WHAT TO WORK ON: Pictures excluded, output the lines of the data below between the one holding "Представляем яркую футболку" and the one holding "根據(jù)《種子法》和《主", inclusive, exactly as they stand.

:: RECORDS FOR THIS TASK ::

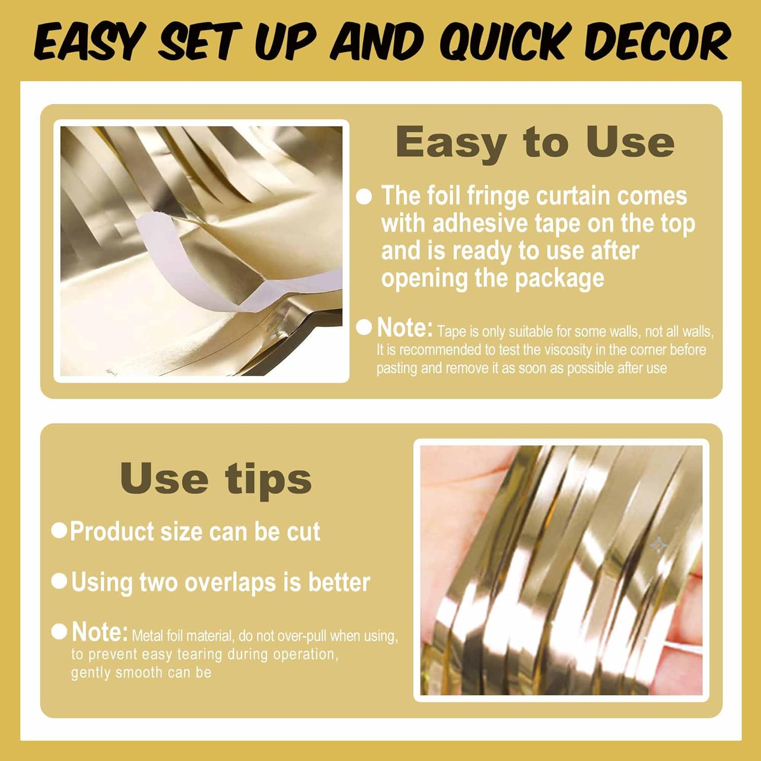 • Easy to Use: The tinsel foil fringe streamers curtain backdrop comes with double sided tape on the top, gently peel plastic strip off and it would be very easy to paste on smooth surfaces such as wall, window, table, door or anywhere you like
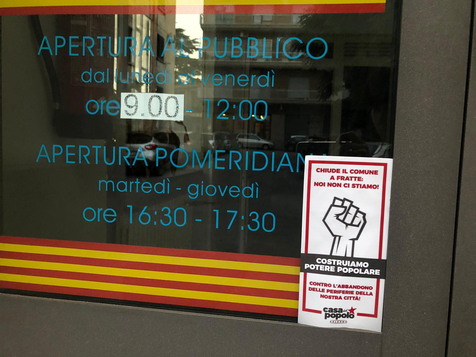 Ad intervenire è Daniele Procida della casa del popolo che afferma: “Purtroppo sempre più spesso i cittadini, non solo a Fratte, vedono sottrarsi dei servizi. Soppressione di linee di trasporto, estinzione di sedi delle ASL, riduzione di prestazioni mediche e, ovviamente, chiusura di Uffici Pubblici. Le Amministrazioni Locali rispondono sempre alla stessa maniera: “Non ci sono i soldi”. Ed in alcuni casi è vero. Ricordiamo infatti che l’Italia è soggetta all’Austerità imposta dall’Unione Europea con la famosa lettera “Trichet-Draghi” del 2011”. Il militante di Potere al popolo Salerno aggiunge inoltre “A fronte di tutto questo però, tornando al Comune di Salerno, i soldi che non mancano mai sono quelli per Luci d’Artista, per le speculazioni edilizie (il Crescent ed il tunnel che dovrebbe collegare Canalone al porto) e soprattutto per gli onerosi stipendi dei consigli d’amministrazione delle partecipate del Comune. Per questo motivo chiediamo la riapertura degli uffici chiusi e siamo pronti a lottare, tra le persone e insieme a loro, per riconquistare un servizio fondamentale per tutte e tutti. Non vogliamo pagare i tagli dei diritti “.
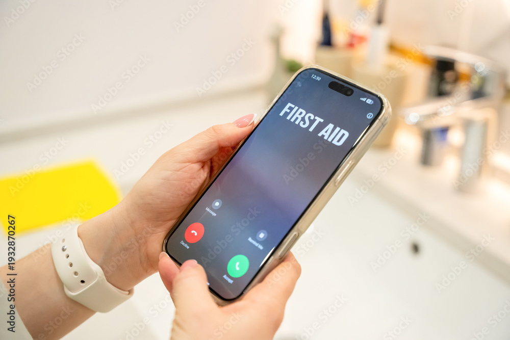 Women calls emergency services. Urgent medical attention needed. What to do in an emergency before paramedics arrive. First aid response and life saving steps during a critical situation at home #1932870267
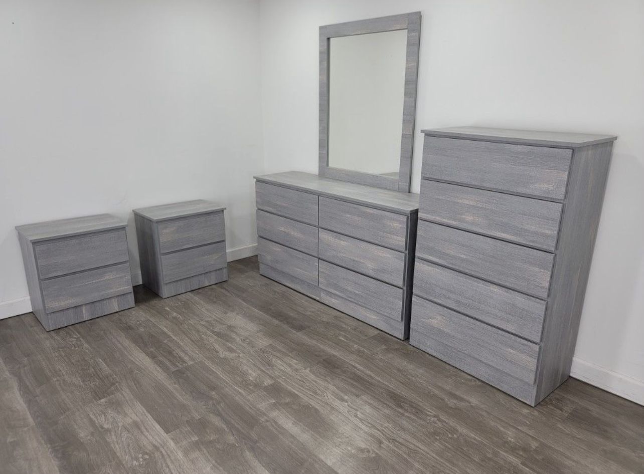 Dresser Whit Mirror, Chest And 2 Nightstands - Cómoda Con Espejo , Gavetero Y 2 Mesitas De Noche
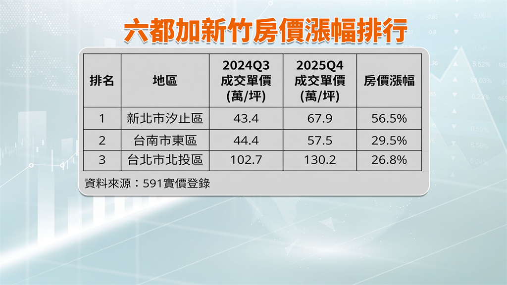 六都和新竹房價漲幅。圖/台視新聞陳炳辰認為,2025年走向價量背離,雖然在量體上有減弱的狀態,但很多的區域還創造出區域高價。房價難降,但量縮已經造成房產業者反彈,如何找到平衡點維持金融穩定,持續考驗央行智慧。
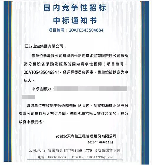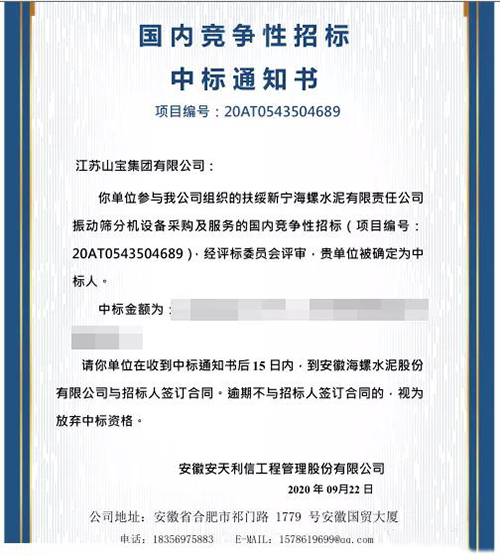 近日,江蘇山寶集團(tuán)在弋陽海螺、扶綏海螺600萬t/a骨料機(jī)制砂項(xiàng)目振動(dòng)篩分機(jī)設(shè)備(弋陽14臺(tái),扶綏12臺(tái))招標(biāo)中成功中標(biāo)。
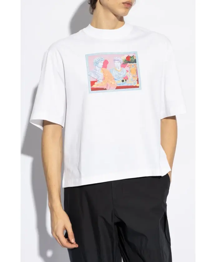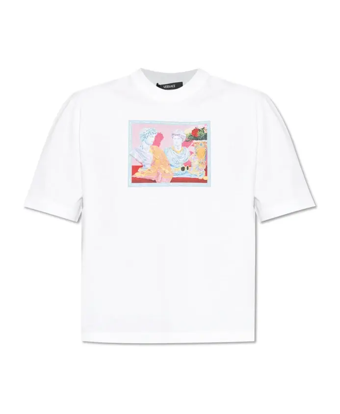 Представляем яркую футболку с принтом, идеально сочетающую элегантность и современность. Созданная иконой моды Версаче, эта белая футболка отдает дань классическому стилю с современным акцентом. Изготовленная из лучшего хлопка, она обеспечивает непревзойденный комфорт и долговечность. Свободный крой и простой силуэт делают ее универсальной вещью в любом гардеробе. На передней части футболки расположен стилизованный принт, окружающий классические линии груди, а также слово «Versatile» (Универсальный).
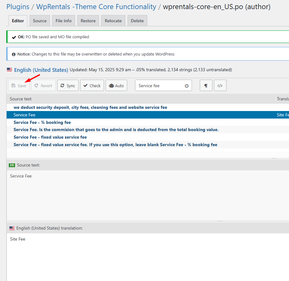- After the translation is done, you need to SAVE and rename both .po and .mo files with the proper name (for example de_DE.po). If the file name is not right the translation will not work. See this link for the proper name.
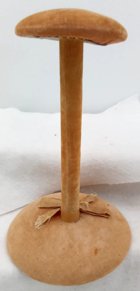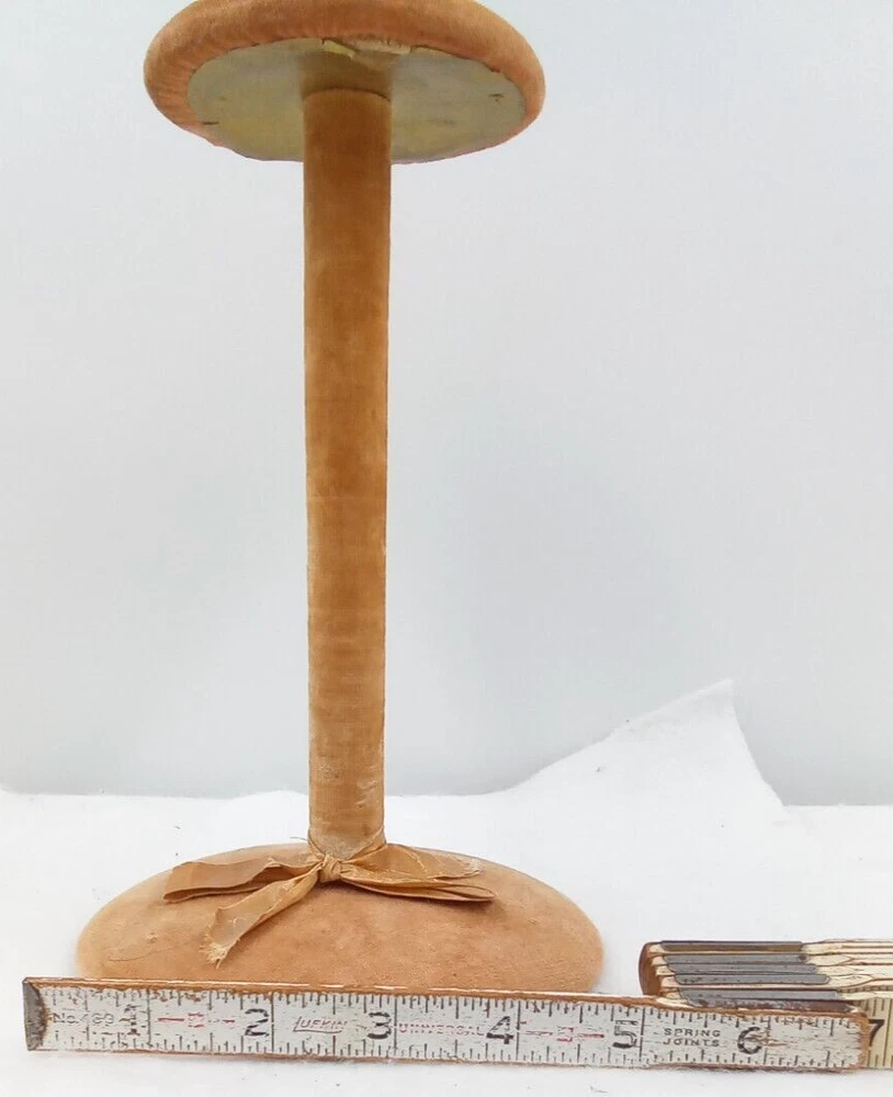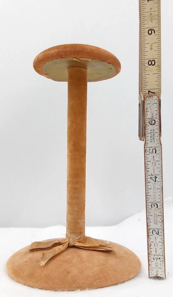 Personalize: No Material: Fabric, Wood Accents: Bow Size: 8 in Seller Notes: “Pretty Hat Stand! Pre-owned! Great Shape!” Handmade: Yes Season: Fall, Spring, Summer, Winter Fabric Type: Velvet Style: Hat Stand Country/Region of Manufacture: Unknown Color: Tan Brand: Unbranded Pattern: Solid Theme: 30s Features: Bow Vintage: Yes Department: Women
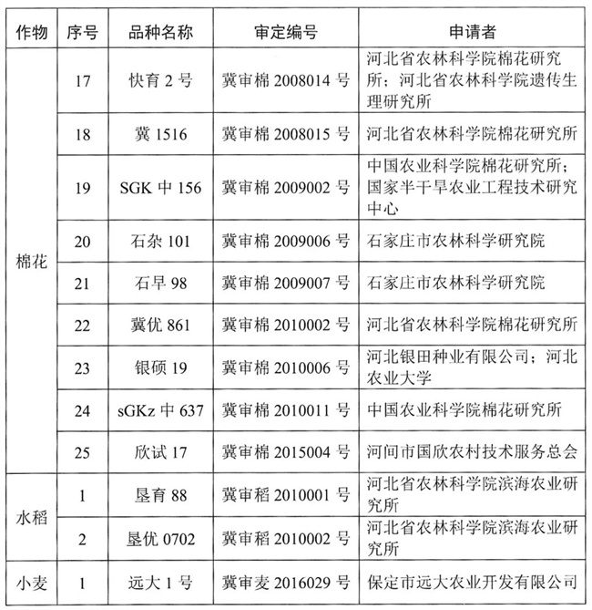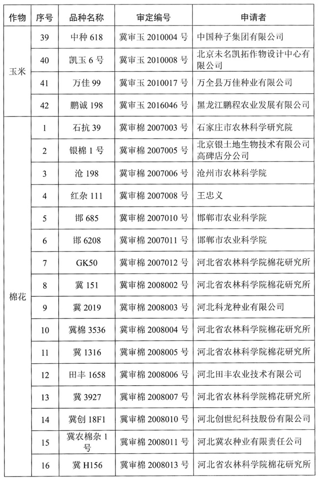 根據(jù)《種子法》和《主要農(nóng)作物品種審定辦法》有關(guān)規(guī)定,擬對42個玉米、25個棉花、2個水稻、1個小麥品種撤銷審定,現(xiàn)予以公示,公示期30天(自2022年4月6日至2022年5月5日)。公示期內(nèi)如有異議,請向河北省農(nóng)作物品種審定委員會辦公室書面反映。異議人應(yīng)當使用真實姓名,并提供手機號碼、電子郵件等聯(lián)系方式,異議單位書面材料應(yīng)當加蓋單位公章。
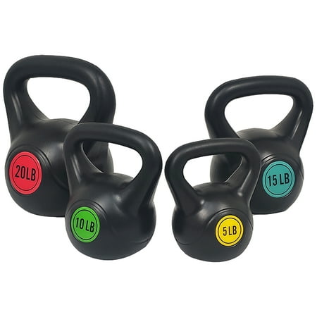 Training with kettlebells allows you to select resistance training exercises based on their similarity to actual movements that occurs during sports. kettlebells require more balance than training with barbells or machines, and balance is crucial for optimal performance. kettlebells also require more muscular control than barbells, thus enhancing kinesthetic awareness. The best part of training with kettlebells is it allows the athlete to train through a greater range of motion than barbells on some exercises. Understand that it is sometimes more valuable to trade heavy weights (Barbells) for more sport-specific movements. Kettlebell exercises demand the use of multiple joints, which engage all the larger muscles of the body. Compound kettlebell moves burn calories faster than isolation moves, which only work one muscle. 50 lbs. Kettlebell Set Include: 1 x 5lbs, 1 x 10 lbs., 1 x 15 lbs., 1 x 20 lbs. Vinyl coated. Set of 4.
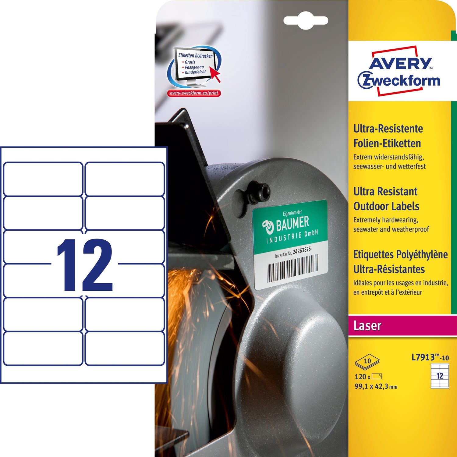 Ekstremt holdbare, resistente, elastiske etiketter fra Avery er den helt rigtige etiketløsning i f.eks. vådrumsmiljøer til at mærke på fliser, overflader og sanitet, som ofte bliver tørt af. Etiketternes elasticitet gør dem også perfekte på buet eller krumt produktionsudstyr eller i lagerfaciliteter. Etiketterne har en lang og stærk holdbarhed samt fremragende klæbeevne, så du skal ikke bekymre dig om, om dine budskaber falmer eller falder af efter kort tid. Etiketten tåler udover vand og temperatursvingninger, også saltvand - derfor er den ideel til skiltning på containere og i marine og offshore industrien. Etiketterne er vaskbare, elastiske, modstandsdygtige overfor gængse rengørings- og opløsningsmidler samt olie og snavs, tåler høje og lave temperaturer (-40° til +150°C). Avery's L7913-10 ekstremt modstandsdygtige og slidstærke etiketter har 12 etiketter/ark og 120 etiketter/pk, hvor hver etiket måler 99,1 x 42,3 mm. Etiketternes størrelse er velegnet til mellemstore genstan
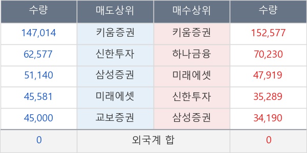 [표] 외국인ㆍ기관 순매매량 (단위 주)
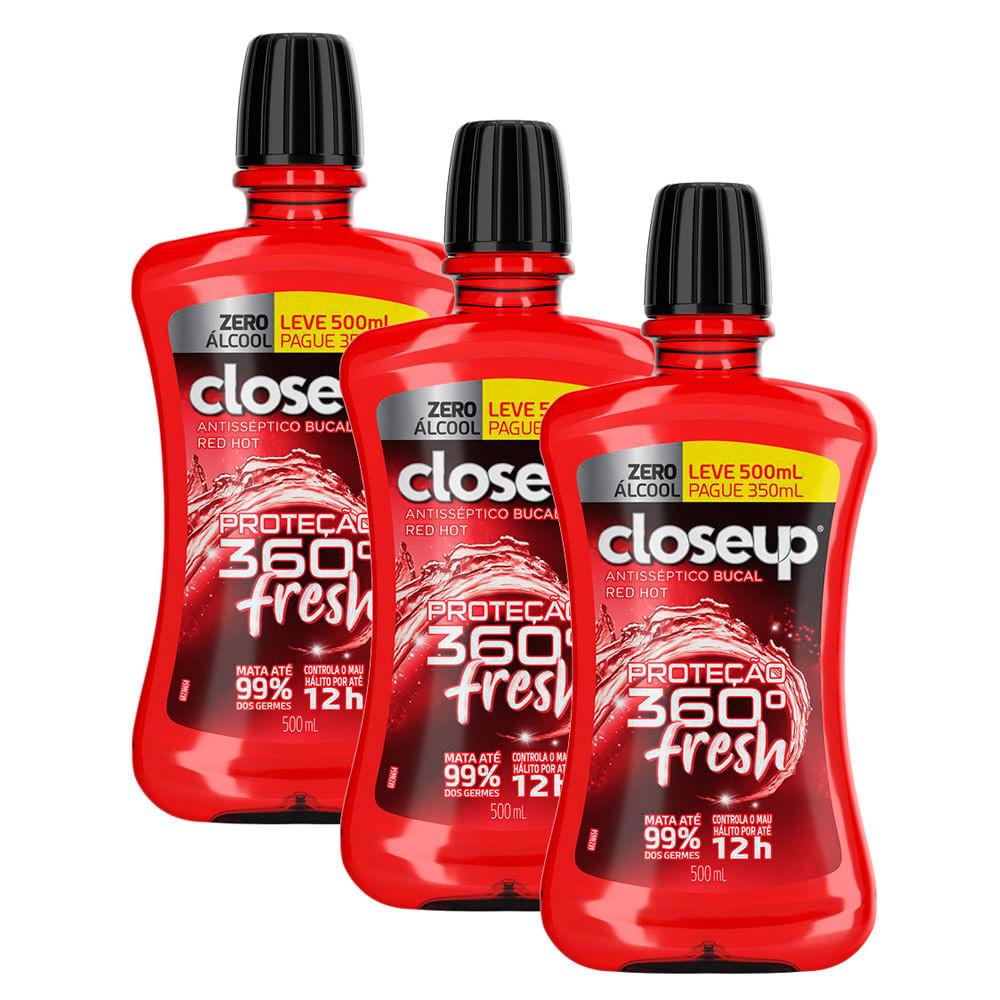 Kit 3 Enxaguante Bucal Closeup Red Hot Proteção 360° Fresh Zero Álcool Leve 500ml Pague 350ml
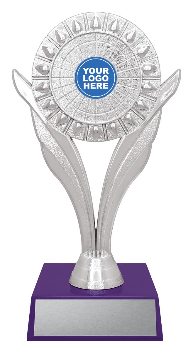 This silver and purple dance trophy combines contemporary design with enduring quality. Featuring a circular top framed by elegant, leaf like silver supports, it offers a refined way to celebrate achievement in dance. The central area accommodates a 25mm logo or emblem, while the vibrant coloured base enhance its professional appeal, making it a standout among dance trophies.
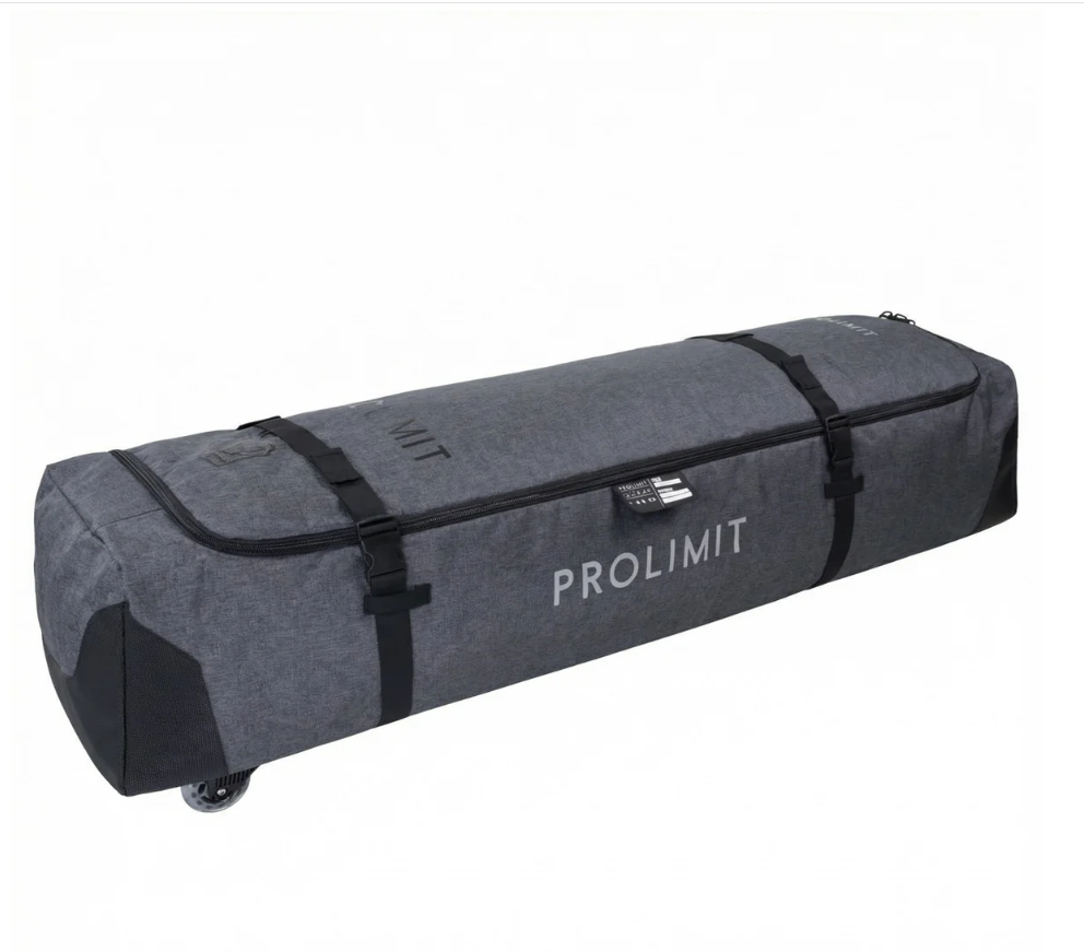 Prolimit TwinTip Boardbag voor reizen en dagelijks gebruik, uitgerust met gepatenteerde en nieuw ontwikkelde Prolimit Slider-wielen. Het robuuste 700D Polyester materiaal is extreem sterk en beschermt je boards en uitrusting dankzij de dikke schuimvulling.
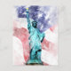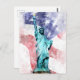 Estatua de la libertad iluminando el mundo en la ciudad de Nueva York con una bandera norteamericana en el fondo retrato de color de agua
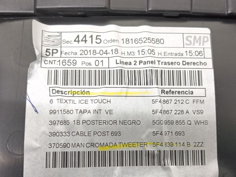GUARNECIDO PUERTA TRASERA DERECHA 5F4867212CFFM...
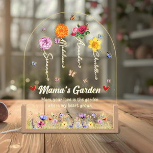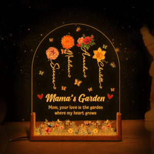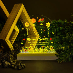 Mama Garden's Personalized Birth Month Flower Acrylic LED Night Light, Mothers Day Gift
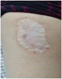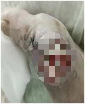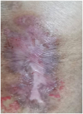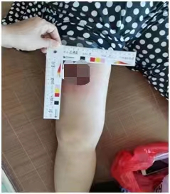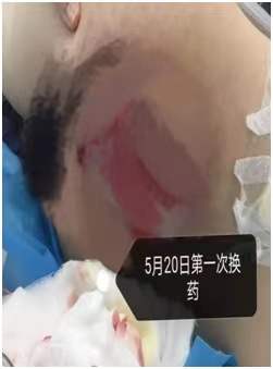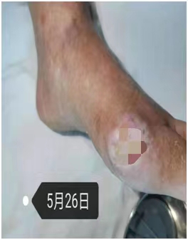 案例2(烫伤):患者徐某某,女,88岁,因胫前烫伤2月余未及时治疗致伤口感染化脓于1月23日来院就诊(伤口情况如图),经过换药后患者伤口痊愈。

:::

ANSWER BELOW:
 Представляем яркую футболку с принтом, идеально сочетающую элегантность и современность. Созданная иконой моды Версаче, эта белая футболка отдает дань классическому стилю с современным акцентом. Изготовленная из лучшего хлопка, она обеспечивает непревзойденный комфорт и долговечность. Свободный крой и простой силуэт делают ее универсальной вещью в любом гардеробе. На передней части футболки расположен стилизованный принт, окружающий классические линии груди, а также слово «Versatile» (Универсальный).
- After the translation is done, you need to SAVE and rename both .po and .mo files with the proper name (for example de_DE.po). If the file name is not right the translation will not work. See this link for the proper name.
 Personalize: No Material: Fabric, Wood Accents: Bow Size: 8 in Seller Notes: “Pretty Hat Stand! Pre-owned! Great Shape!” Handmade: Yes Season: Fall, Spring, Summer, Winter Fabric Type: Velvet Style: Hat Stand Country/Region of Manufacture: Unknown Color: Tan Brand: Unbranded Pattern: Solid Theme: 30s Features: Bow Vintage: Yes Department: Women
 根據(jù)《種子法》和《主要農(nóng)作物品種審定辦法》有關(guān)規(guī)定,擬對42個玉米、25個棉花、2個水稻、1個小麥品種撤銷審定,現(xiàn)予以公示,公示期30天(自2022年4月6日至2022年5月5日)。公示期內(nèi)如有異議,請向河北省農(nóng)作物品種審定委員會辦公室書面反映。異議人應(yīng)當使用真實姓名,并提供手機號碼、電子郵件等聯(lián)系方式,異議單位書面材料應(yīng)當加蓋單位公章。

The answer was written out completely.